A noted philanderer, London also had a blind side to the plight of women. Rather than denounce prostitution as the exploitation of women, he supported it, calling a needed salve to the male working class.

Say what you will about London, unlike many then and now his views were his own, independently arrived at through experience rather than regurgitation of ideas from Marx. Born to a working class family, London spent much of his childhood working in a factory. London quickly became aware that mere individualism was not sufficient in a cruel world; one of the more blatant contributing factors to this was his being gang-raped in prison. London may also have been activated by his inability to attend the University of California, which, despite his passing the entrance exams, was denied him because he couldn’t pay for tuition.

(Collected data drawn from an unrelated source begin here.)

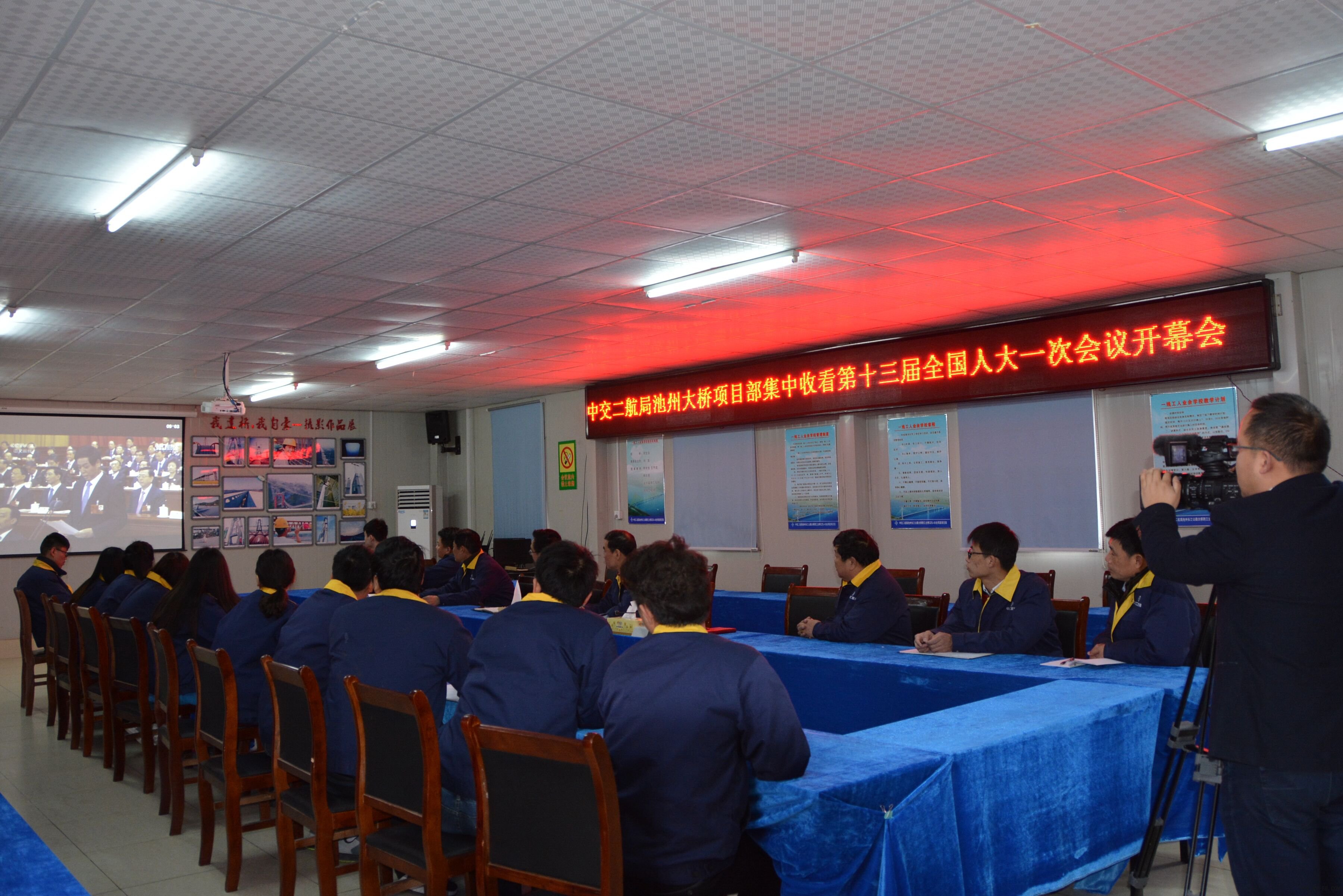 3月5日上午九时,池州大桥项目部全体员工到会议室收看第十三届全国人大一次会议开幕会。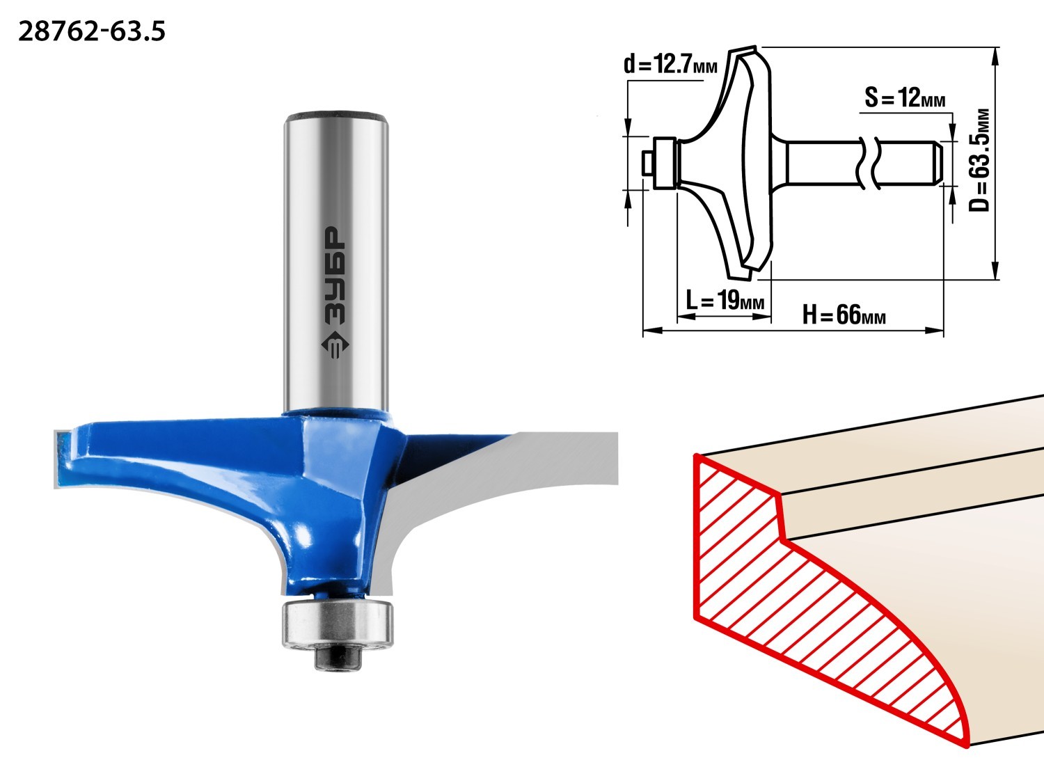 ЗУБР 63.5 x 19 мм, радиус 0 мм, фреза фигирейная №3, Профессионал (28762-63.5)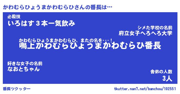 | 意味不明あだ名 | 『ペロリンかわむらひょうまかわむらひ』 |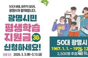 한국시사경제 경기취재본부 | 광명시가 50대 중장년 시민의 배움 기본권 보장을 위해 올해도 평생학습지원금 지원을 이어간다. 시는 오는 3월 3일부터 13일까지 11일간 ‘2026년 광명시민 평생학습지원금’ 신청을 받는다고 26일 밝혔다. 광명시민 평생학습지원금은 생애 전환기를 맞은 50대 시민이 나이·소득·배경과 관계없이 배움을 지속할 수 있도록 생애 1회 1인당 30만 원의 평생학습이용포인트를 지원하는 사업이다. 시민 스스로 자신의 삶과 필요에 맞는 학습을 선택하도록 돕는 것이 핵심 목적이다. 박승원 광명시장은 “배움은 선택이 아닌 누구에게나 보장돼야 할 기본권”이라며 “시민이 나이나 환경의 제약 없이 언제든지 배움을 이어갈 수 있도록 평생학습 기반을 더욱 탄탄히 만들어가겠다”고 밝혔다. 신청 대상은 1967년 1월 1일부터 1976년 12월 31일 사이에 출생한 50대 광명시민이다. 광명시에 1년 이상 계속 거주했거나, 거주기간을 합산해 5년 이상 거주하고 있어야 한다. 시는 총 2천500명을 선정해 지원한다. 59세(1967년생)는 올해가 마지막 지원 대상임을 고려해 우선 선정하고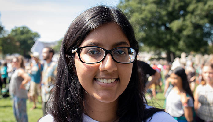 Amritha Karthikeyan, a senior BASIS Phoenix student and member of Arizona Youth Climate Strike, said she was happy to join the strike in D.C. on Sept. 20, 2019, because she couldn’t attend the protest she helped plan in Phoenix. (Photo by Kailey Broussard/Cronkite News)
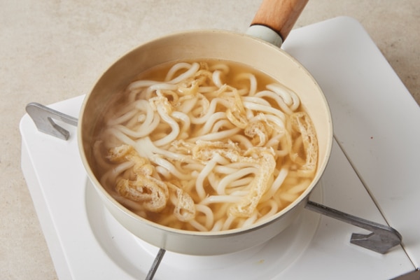 Bước 3: Nấu mì Đun sôi hỗn hợp nước dùng đã pha. Khi nước sôi, cho vắt Mì Udon Otoki và đậu phụ thái sợi vào nồi. Nấu trong khoảng từ 3 đến 5 phút để sợi mì chín tới, giữ được độ dai đặc trưng,.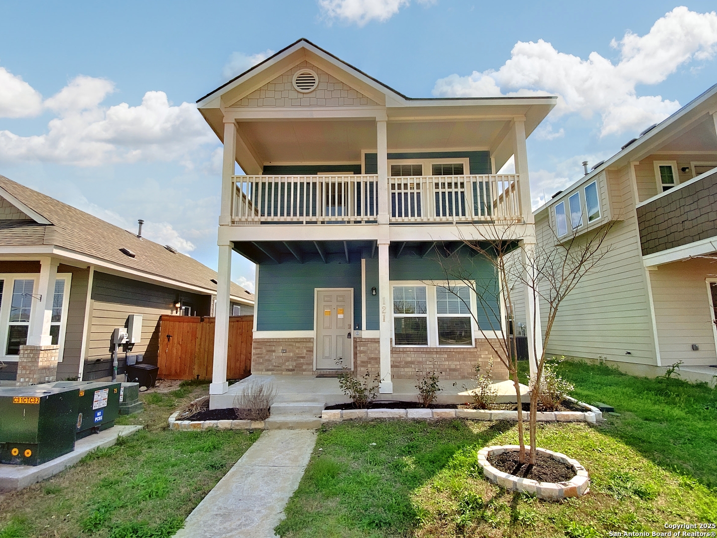 Welcome to 121 Duck Crk Trl, a spacious 2-story home that combines comfort and convenience in every detail. This charming residence features 2 generously sized bedrooms and 2 bathrooms, offering ample room to unwind. The open-concept layout includes a giant living room filled with natural light, complemented by neutral tones and tile flooring for easy upkeep. Ceiling fans throughout the home add year-round comfort, while the kitchen offers a handy pantry for added storage. Upstairs, a covered balcony provides the ideal space to enjoy your morning coffee or relax in any weather. The carpeted bedrooms include a master with a private bathroom and a walk-in closet. Outside, the oversized fenced yard is perfect for entertaining, outdoor lounging, or giving pets space to roam. At the back of the property, a rear-facing garage accommodates two cars and offers plenty of room for storage, hobbies, or a workshop setup. This inviting home delivers practical living with thoughtful touches throughout, all in a welcoming setting.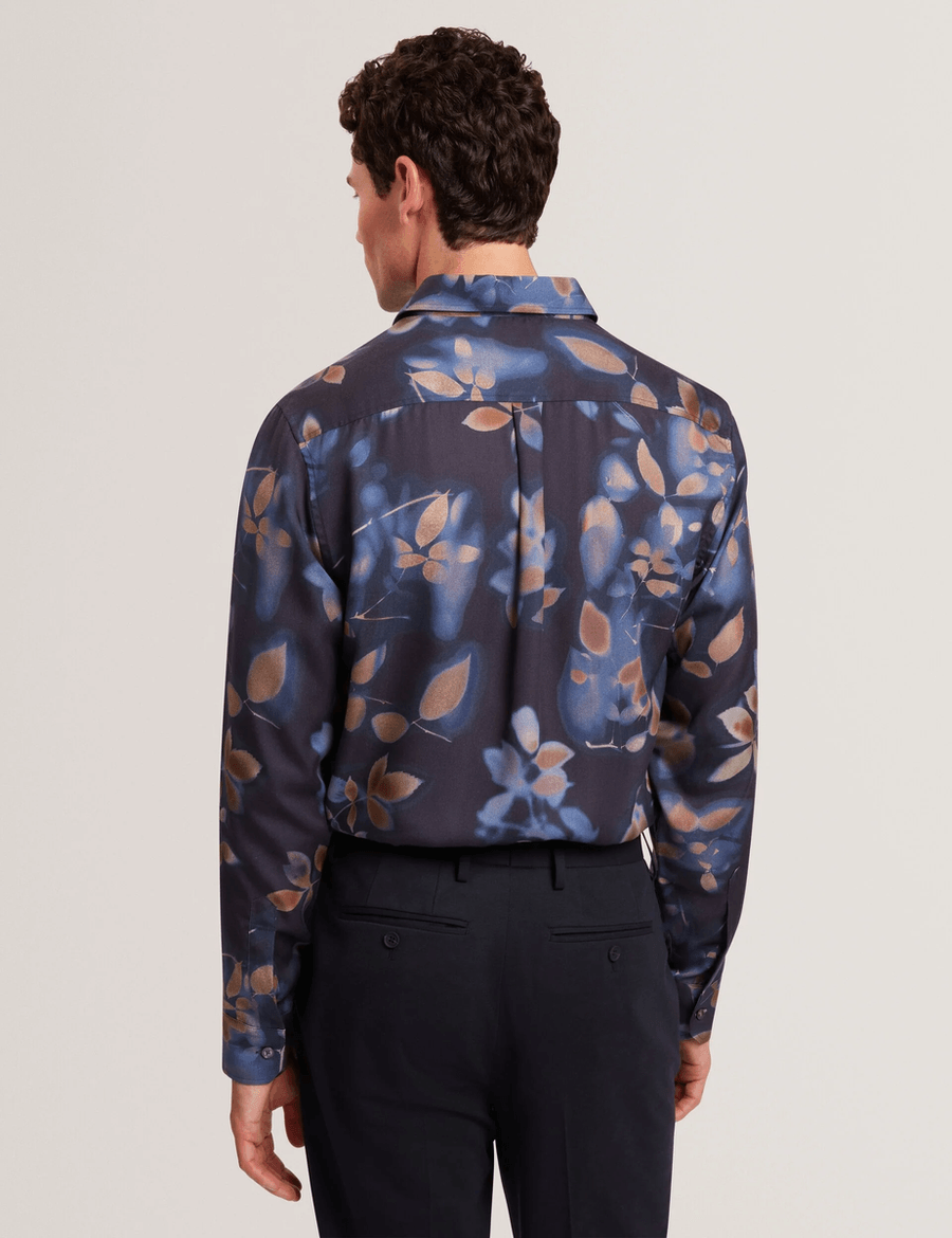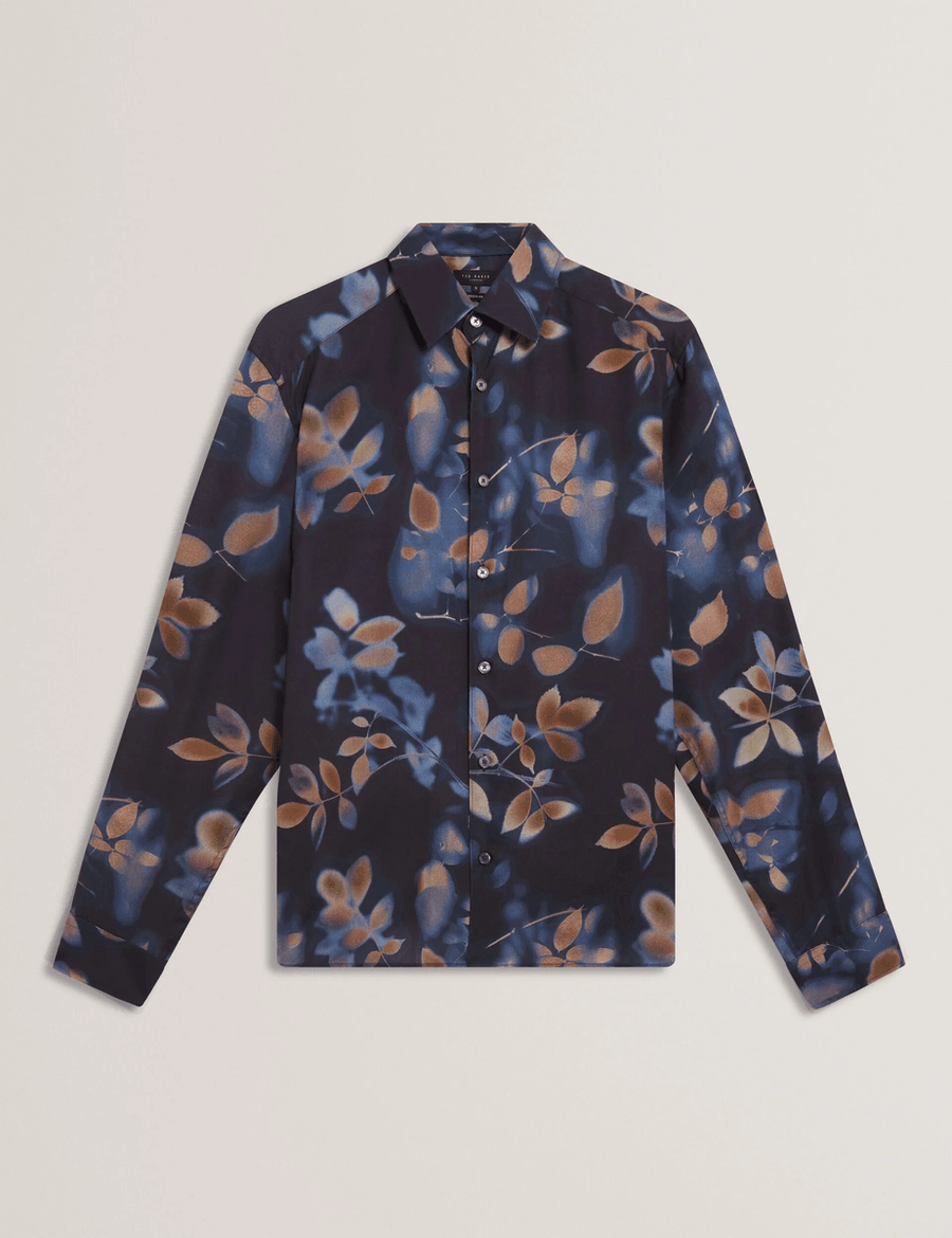 Discover the perfect blend of comfort and sophistication with the Ted Baker KALMILL | NAVY. This long sleeve shirt features a stunning photographic blurred leaf print that adds a unique touch to your wardrobe. Crafted from breathable woven fabric, this shirt is designed for both style and functionality.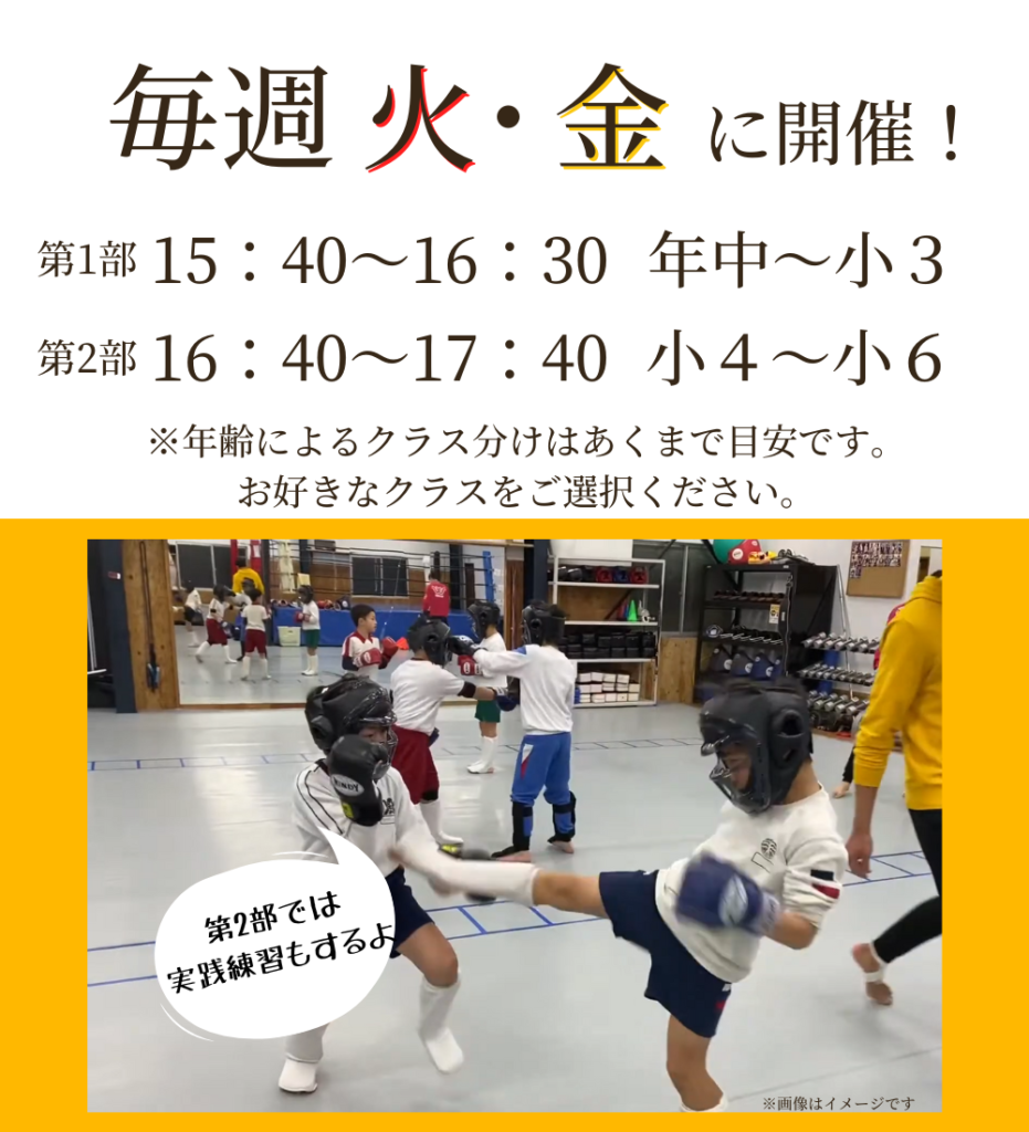 15:40 ~ 16:30の前半クラスでは、キックボクシングの練習だけでなく、子どもが喜ぶ遊びなどを取り入れ、運動に対して前向きな気持ちをはぐくみます。

London turned toward adventuring in the Klondike Gold Rush, and it was here that he simultaneously moved toward socialism and Social Darwinism. He witnessed how greed warped the individual while at the same time admiring the triumphant strength of the miners.

In many ways, Orwell was right about London having a fascist streak. By his example and prophecy we see how much the Nazis, long attacked by the left as anti-socialist, was in fact, a racist version of it.

Ron Capshaw is a Senior Contributor to The Liberty Conservative from Midlothian, Va. His work has appeared in National Review, The Weekly Standard, and the American Spectator.

1 Comment

  1. This article is inconsistent and simply incorrect in areas (i.e. “gang-raped in prison”). How does the final paragraph reconcile with the rest of the article? And where is the evidence of early 20th-century socialism being inherently racist simply because London was both a socialist and a racist? And where is the mention of London’s slow move away from racism as he grew older, writing some fine anti-imperialist South Seas and Mexican Revolution stories? London without a doubt had racist views even when he died unexpectedly at 40, but to ignore the aforementioned questions and publish this anyway is simply reckless.